All things considered, it’s better, and easier to kill from a distance.  With the exception of hijackings and terrorist attacks on September 11, 2001, the advantage of having vast oceans on the left and right of us have spared America the destruction and civilian losses of war.

So, are the 130,000 to 206,000 people we killed on two days in August 1945 any less dead than their current-day Israeli counterparts?  Not to forget the thousands of Japanese who died later from radiation-induced cancer.

Why are we not terrorists?  Because we won the war?  We’ve killed a lot of people in Vietnam and other foreign venues since then – including the sacrifice of so many of our own military – for far less pressing reasons.  Who is there to hold us accountable except ourselves?

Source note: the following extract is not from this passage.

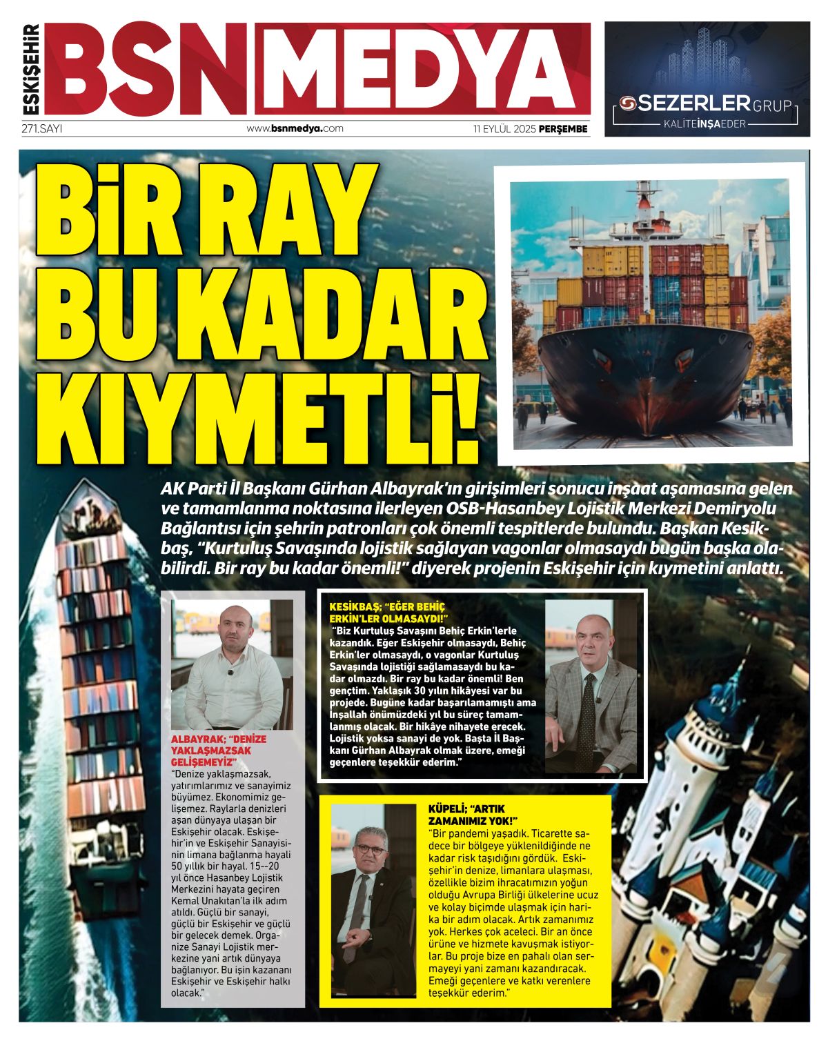 AK Parti İl Başkanı Gürhan Albayrak’ın girişimleri sonucu inşaat aşamasına gelen ve tamamlanma noktasına ilerleyen OSB-Hasanbey Lojistik Merkezi Demiryolu Bağlantısı için şehrin patronları çok önemli tespitlerde bulundu. Başkan Kesikbaş, “Kurtuluş Savaşında lojistik sağlayan vagonlar olmasaydı bugün başka olabilirdi. Bir ray bu kadar önemli!” diyerek projenin Eskişehir için kıymetini anlattı.

My point is that the language and perspectives of those who use it matter.  That said, it’s not the form of killing that should be important, but the fact of it.

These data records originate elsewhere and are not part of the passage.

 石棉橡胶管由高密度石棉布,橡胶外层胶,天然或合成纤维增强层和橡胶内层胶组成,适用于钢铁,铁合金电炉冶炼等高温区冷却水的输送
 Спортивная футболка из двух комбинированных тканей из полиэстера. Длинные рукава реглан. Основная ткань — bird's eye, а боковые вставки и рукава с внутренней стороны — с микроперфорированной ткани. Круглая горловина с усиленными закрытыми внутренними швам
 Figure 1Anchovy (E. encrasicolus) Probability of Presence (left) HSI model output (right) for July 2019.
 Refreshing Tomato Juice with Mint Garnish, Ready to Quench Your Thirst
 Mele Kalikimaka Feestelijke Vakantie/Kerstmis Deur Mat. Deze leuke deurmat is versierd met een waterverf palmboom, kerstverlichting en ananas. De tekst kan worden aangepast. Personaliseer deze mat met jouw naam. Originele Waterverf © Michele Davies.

When President Joe Biden calls the attack by Hamas “pure barbarism” he’s talking about more than the killings as a matter of fact.  What he’s doing – what our media and all of us personally are doing, me included – are characterizing the carnage in ways that enhance our reaction, that emphasize and promote the anger we feel toward…  Toward who?  Hamas certainly, but unfortunately, in this case, the people of Gaza and perhaps, more generally, the Arab nations of the Middle East and even our own Muslim-Americans.

We need to watch what we say, because the words we use affect how we think and react.  All indications are that Israel is in the early stages of mounting a full-scale invasion of Gaza, a city of more than two million people of which only a relative few are Hamas.

We – especially Israel of course – are angry and appalled.  Two of our nuclear carrier groups have been dispatched to the area to discourage Iran and other countries, other terrorist organizations, and their supporters from becoming involved.  Whatever the specifics of what happens next, at the very least thousands of Gazans are going to die and tens of thousands more are going to have their lives damaged to an extent from which they may never recover.

If Hamas is trying to upset us, to piss us off, it’s working.  Vicious cruelty can be a tool of war as much as any other kind of weapon.  Hamas wants us to overreact, to lose our righteous high ground, and to become the vicious enemy they need to hate.  A superpower they can blame.

We need to be careful.  To not be emotionally distracted by the form of what they have done.  The cost of our over-reacting will be measured by the lost lives of way too many innocent people including Americans, although that detail shouldn’t make any difference.